Local Transport Loop-back

UNIX domain sockets are the advocated primary interprocess communications mechanism in the 4.4BSD system: 4.4BSD even implements pipes using UNIX domain sockets (MBKQ97). Linux also implements UNIX domain sockets, but uses the 4.1BSD/SVR3 legacy approach to pipes. XTI has an equivalent to the UNIX domain socket. This consists of connectionless, connection oriented, and connection oriented with orderly release loop-back transport providers. The netperf program has the ability to test UNIX domain sockets, but does not currently have the ability to test the XTI equivalents.

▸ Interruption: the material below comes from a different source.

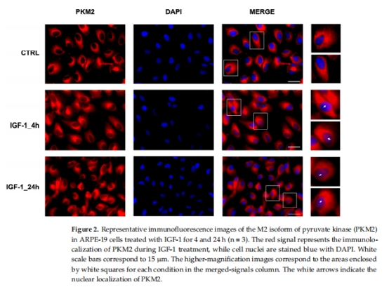 A[IGF-1處理ARPE-19細(xì)胞] --> B[檢測PKM2表達(dá)/二聚化/核定位]

BSD claims that in 4.4BSD pipes were implemented using sockets (UNIX domain sockets) instead of using the file system as they were in 4.1BSD (MBKQ97). One of the reasons cited for implementing pipes on Sockets and UNIX domain sockets using the networking subsystems was performance. Another paper released by the OpenSS7 Project (SS7) shows that experimental results on Linux file-system based pipes (using the SVR3 or 4.1BSD approaches) perform poorly when compared to STREAMS-based pipes. Because Linux uses a similar approach to file-system based pipes in implementation of UNIX domain sockets, it can be expected that UNIX domain sockets under Linux will also perform poorly when compared to loop-back transport providers under STREAMS.

Sockets interface to STREAMS

There are several mechanisms to providing BSD/POSIX Sockets interfaces to STREAMS networking (VS90) (Mar01). The experiments in this report indicate that it could be worthwhile to complete one of these implementations for Linux Fast-STREAMS (Soc) and test whether STREAMS networking using the Sockets interface is also superior to Linux Sockets, just as it has been shown to be with the XTI/TPI interface.

Related Work

A separate paper comparing the STREAMS-based pipe implementation of Linux Fast-STREAMS to the legacy 4.1BSD/SVR3-style Linux pipe implementation has also been prepared. That paper also shows significant performance improvements for STREAMS attributable to similar causes.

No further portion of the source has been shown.